- EXERCISE GOAL -
Ignoring pictures, transcribe exactly the lines between the one containing "Large group includes" and the end of the material, both included.

- EXERCISE INPUT -
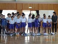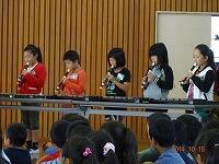演奏の途中のワークショップでは、児童代表と関口先生がステージに上がって、「彩」のみなさんのリズムにあわせて演奏したり、全校生の手拍子で演奏したり、とても楽しいひとときを過ごしました。
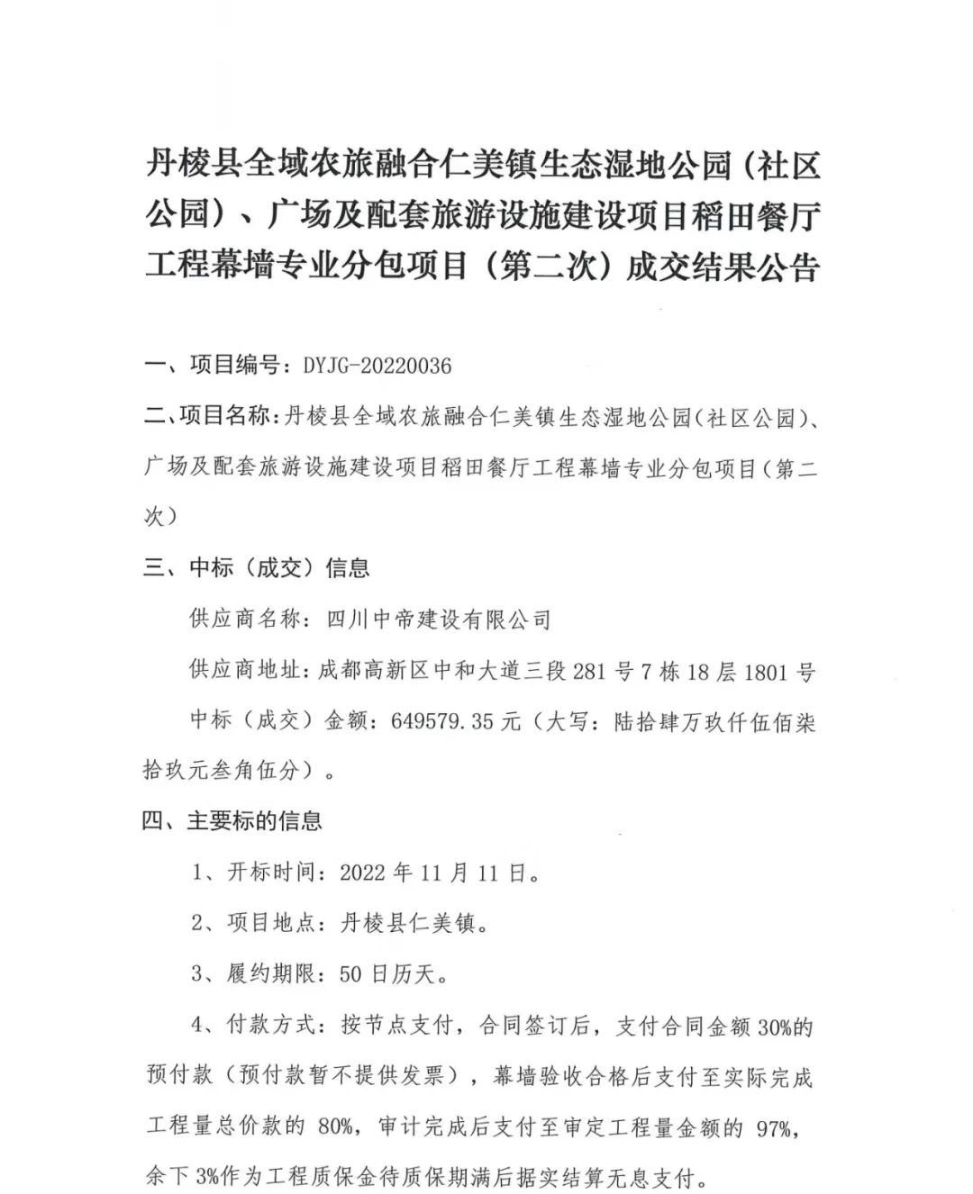 丹棱縣全域農(nóng)旅融合仁美鎮(zhèn)生態(tài)濕地公園(社區(qū)公園)、廣場(chǎng)及配套旅游設(shè)施建設(shè)項(xiàng)目稻田餐廳工程幕墻專業(yè)分包(第二次)成交結(jié)果公告
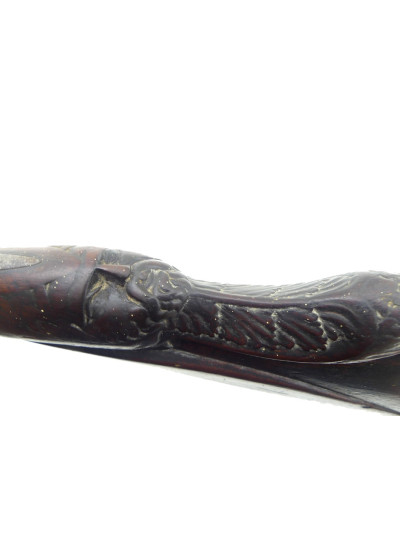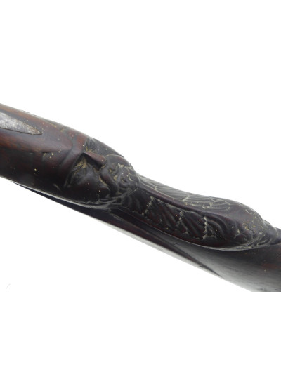 Le dessous est sculptée d’une tête d’un personnage barbu qui se prolonge par une tête animale dans le bas.
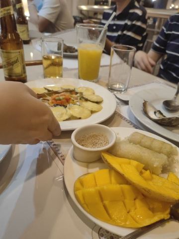 YoYo_6Z1D3M3B算是老牌落日观景餐厅 观赏落日绝佳,适合情侣宴请客人 有活海鲜, 清蒸螃蟹/ adobo pusit 墨鱼汁墨鱼 看起来很黑暗 品尝后口味不错,酸酸甜甜! 旁边还有个海洋公园,可以逛完海洋馆再来晚餐看落日
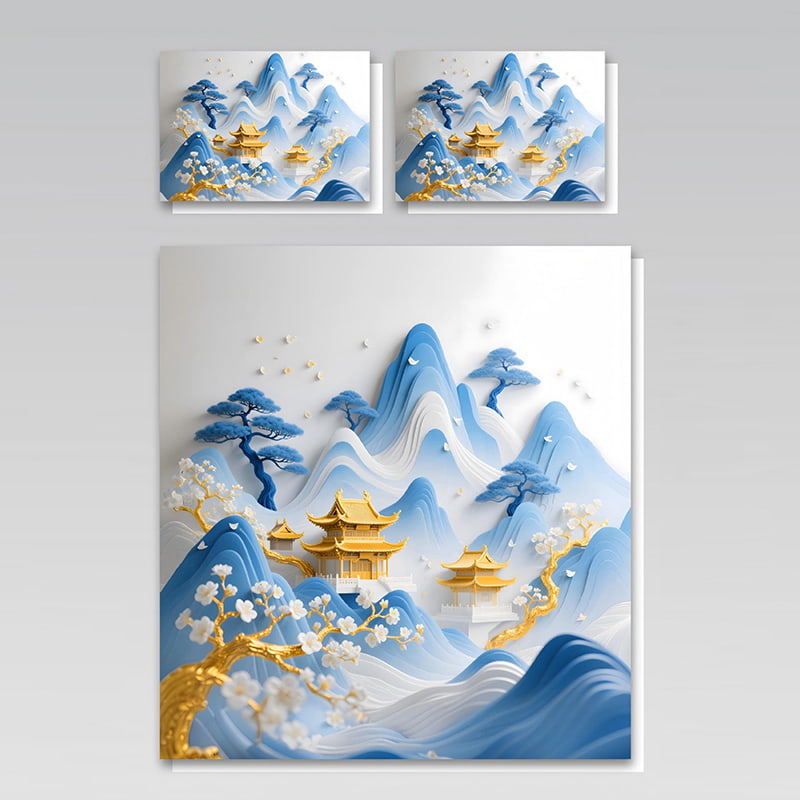 Elevate your bedroom with the mesmerizing Golden Palace in Blue Mountains bedding set. Using advanced 5D digital printing, the design showcases vivid depth and lifelike detail — from the flowing blue mountains to the radiant golden palace and blooming branches. Every layer appears three-dimensional, creating an immersive, artistic atmosphere.
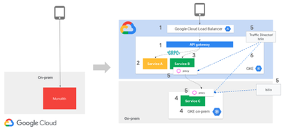 下图是 Google Traffic Director 给出的一个应用改造示例:从单体结构转为微服务架构,从私有云转为公有云加私有云的混合云模式。
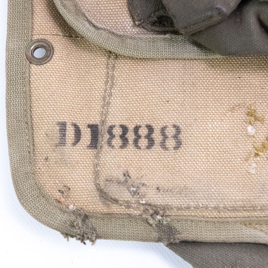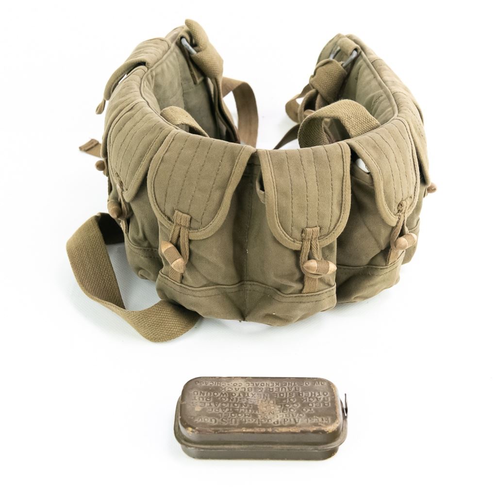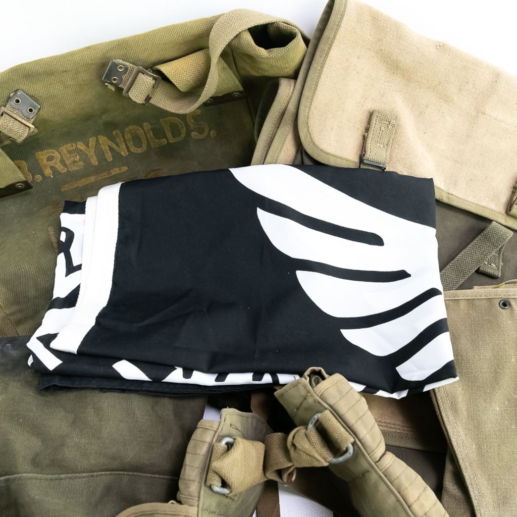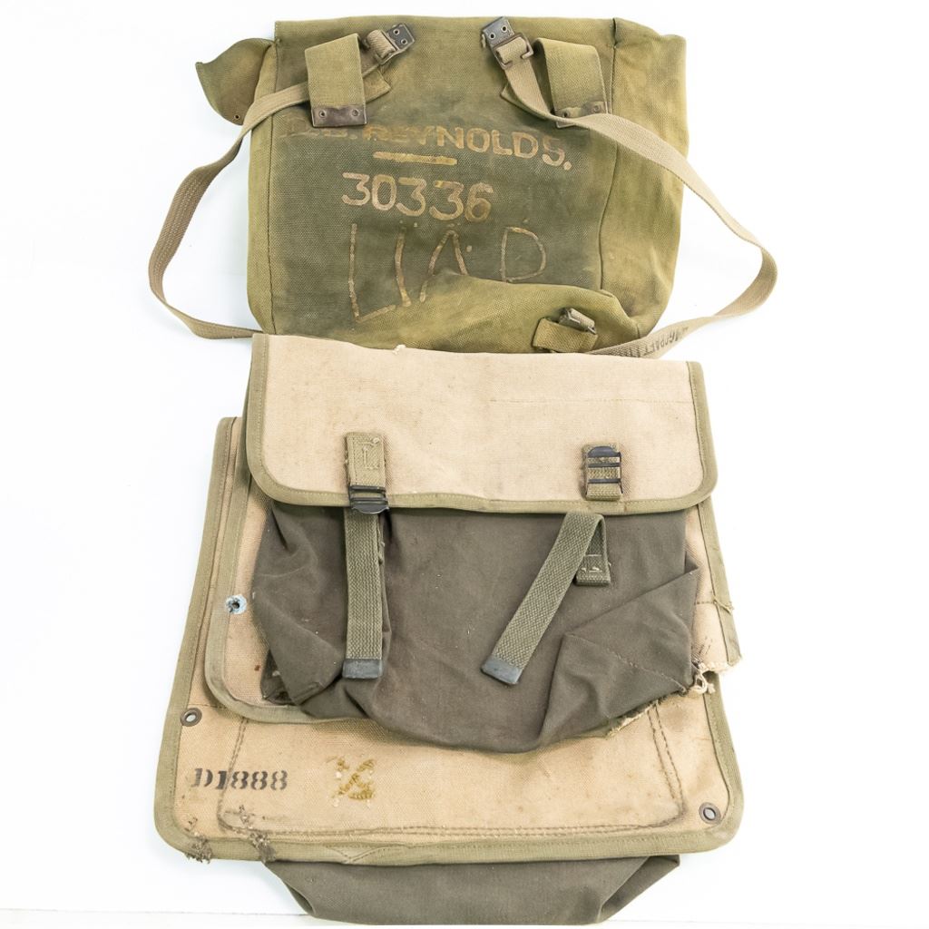 Large group includes 2 German contemporary flags, 2 duffel bags (WWII and 1958). 1944 date British musette bag named and marked LIAP (Leave In Addition Python) for North Africa. Old brass US Carlisle bandage, 2 pairs of WWII US leggings 2R and 3R. Chinese 7.62mm ammo bandoleer. WWII US two-tone jeep/motorcycle tool saddle bag set with corner damage. All have a musty smell.
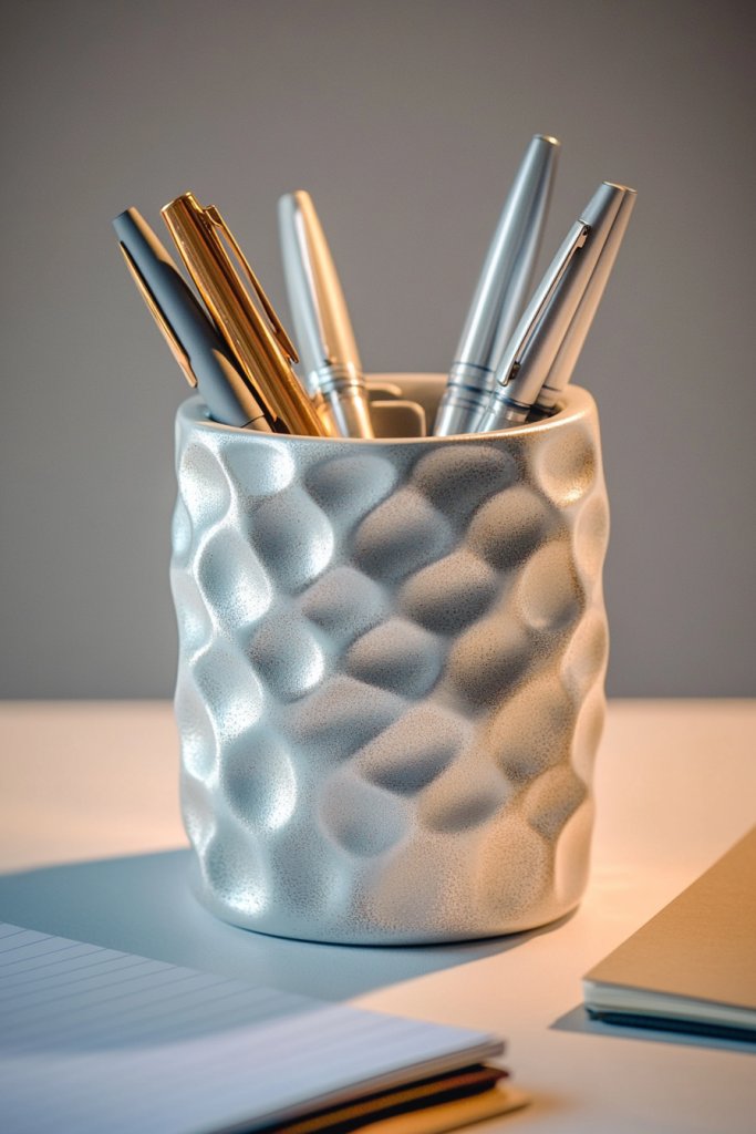 Visualize a marble or geometric metal pen holder sitting proudly on your desk. The sleek finish and sculptural shape draw attention, turning a simple item into a statement. Brightly colored ceramic containers add vibrancy, and textured concrete holders lend an industrial feel. These containers make your workspace feel curated and intentional.

- SOLUTION TO THIS PROBLEM -
 Large group includes 2 German contemporary flags, 2 duffel bags (WWII and 1958). 1944 date British musette bag named and marked LIAP (Leave In Addition Python) for North Africa. Old brass US Carlisle bandage, 2 pairs of WWII US leggings 2R and 3R. Chinese 7.62mm ammo bandoleer. WWII US two-tone jeep/motorcycle tool saddle bag set with corner damage. All have a musty smell.
 Visualize a marble or geometric metal pen holder sitting proudly on your desk. The sleek finish and sculptural shape draw attention, turning a simple item into a statement. Brightly colored ceramic containers add vibrancy, and textured concrete holders lend an industrial feel. These containers make your workspace feel curated and intentional.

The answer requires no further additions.